Abstract
Objectives
A previously unidentified mecA homologue, mecALGA251, has recently been described in methicillin-resistant Staphylococcus aureus (MRSA) from humans and dairy cattle. The origin and epidemiology of this novel homologue are unclear. The objective of this study was to provide basic descriptive information of MRSA isolates harbouring mecALGA251 from a range of host animal species.
Methods
A number of S. aureus isolates from historical animal isolate collections were chosen for investigation based on their similarity to known mecALGA251 MRSA isolates. The presence of mecALGA251 was determined using a multiplex PCR and antimicrobial susceptibility testing performed by disc diffusion.
Results
MRSA harbouring mecALGA251 were found in isolates from a domestic dog, brown rats, a rabbit, a common seal, sheep and a chaffinch. All of the isolates were phenotypically MRSA, although this depended on which test was used; some isolates would be considered susceptible with certain assays. All isolates were susceptible to linezolid, rifampicin, kanamycin, norfloxacin, erythromycin, clindamycin, fusidic acid, tetracycline, trimethoprim/sulfamethoxazole and mupirocin. Five multilocus sequence types were represented (2273, 130, 425, 1764 and 1245) and six spa types (t208, t6293, t742, t6594, t7914 and t843).
Conclusions
The discovery of MRSA isolates possessing mecALGA251 from a diverse range of host species, including different taxonomic classes, has important implications for the diagnosis of MRSA in these species and our understanding of the epidemiology of this novel mecA homologue.

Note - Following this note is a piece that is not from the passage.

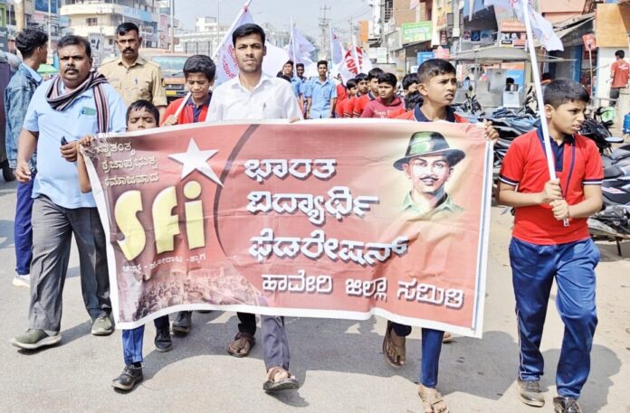 ಸರ್ಕಾರಿ ಕನ್ನಡ ಶಾಲೆಗಳನ್ನು ವಿಲೀನದ ಹೆಸರಿನಲ್ಲಿ ಮುಚ್ಚುವ ರಾಜ್ಯ ಸರ್ಕಾರದ ಹುನ್ನಾರ ವಿರೋಧಿಸಿ, ಸರ್ಕಾರಿ ಶಾಲೆಗಳ ಉಳಿವಿಗಾಗಿ ಆಗ್ರಹಿಸಿ ಭಾರತ ವಿದ್ಯಾರ್ಥಿ ಫೆಡರೇಶನ್ (ಎಸ್ಎಫ್ಐ) ಹಾವೇರಿ ಜಿಲ್ಲಾ ಸಮಿತಿ ನೇತೃತ್ವದಲ್ಲಿ ಮುನಿಸಿಪಲ್ ಮೈದಾನದಿಂದ...
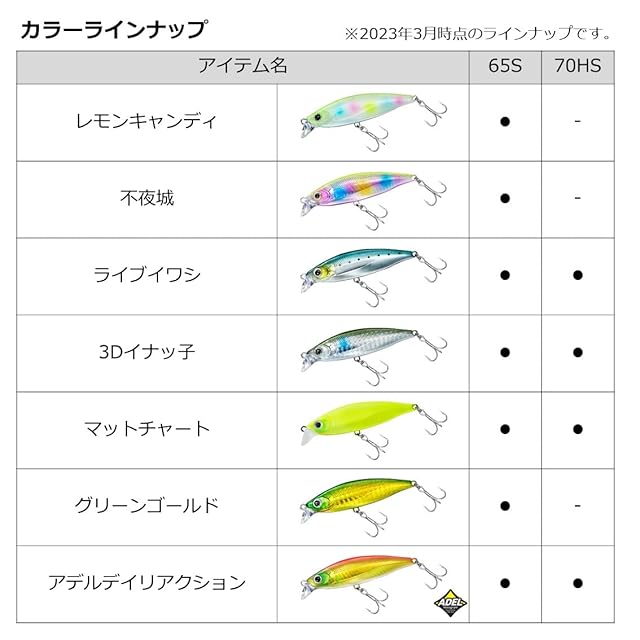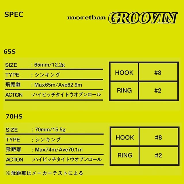 【タイプ】: 高比重コンパクトシンキングミノー【有効レンジ】: 高速時(65S:約20cm~50㎝、70HS:約50㎝~80㎝)/ スロー時(65S:約50㎝~150㎝、70HS:約70㎝~150㎝)

Keywords: animal infections, animal reservoirs, wildlife, MRSA
Introduction
Staphylococcus aureus causes a wide range of diseases in humans, from minor skin infections to severe illnesses such as septicaemia, toxic shock, endocarditis and pneumonia. The emergence and dissemination of methicillin-resistant S. aureus (MRSA) has posed a major challenge in the treatment of S. aureus infections. S. aureus, including MRSA, can colonize and infect a wide variety of other host species, including cats, dogs, pigs, cattle, poultry and horses. This is not only of veterinary significance, but has zoonotic importance, with animals acting as a potential source for the emergence of novel MRSA clones in human beings. Pig to human transmission of MRSA ST398 (where ST stands for sequence type) is suggested to explain the emergence and spread of this clone in humans.1
Methicillin resistance in S. aureus is conferred by the acquisition of one of several staphylococcal cassette chromosome mec (SCCmec) elements, which carry the mecA gene encoding a penicillin-binding protein homologue (PBP2a) with low affinity for β-lactam antibiotics.2 We have identified a novel mecA homologue, mecALGA251, encoded in a new SCCmec cassette designated type XI.3 This mecA homologue exhibits only 70% identity at the DNA level and 63% identity at the protein level to the previously described mecA gene and is not detectable by routine mecA-specific PCR approaches and PBP2a slide agglutination tests. While mecALGA251 is present in MRSA isolates from humans and dairy cattle, its origin and epidemiology are currently unclear, with some evidence to suggest it may have spread from cattle to humans.3 Here we describe mecALGA251-containing MRSA isolates from additional host species. This has important implications for the diagnosis of MRSA infections in these hosts, and for our understanding of the epidemiology and evolution of this mecA homologue and the MRSA lineages that carry it.
Materials and methods
Candidate isolates were identified through personal contacts, reports to the multilocus sequence typing (MLST) database (http://saureus.mlst.net) and scientific reports of phenotypically resistant but MRSA that were mecA negative or S. aureus isolates related by MLST to known mecALGA251-positive lineages [clonal complexes (CCs) 425, 130, 705 and 1943].3,4 Not all requested isolates were obtainable. A total of 52 candidate isolates were tested from samples collected between 1993 and 2011.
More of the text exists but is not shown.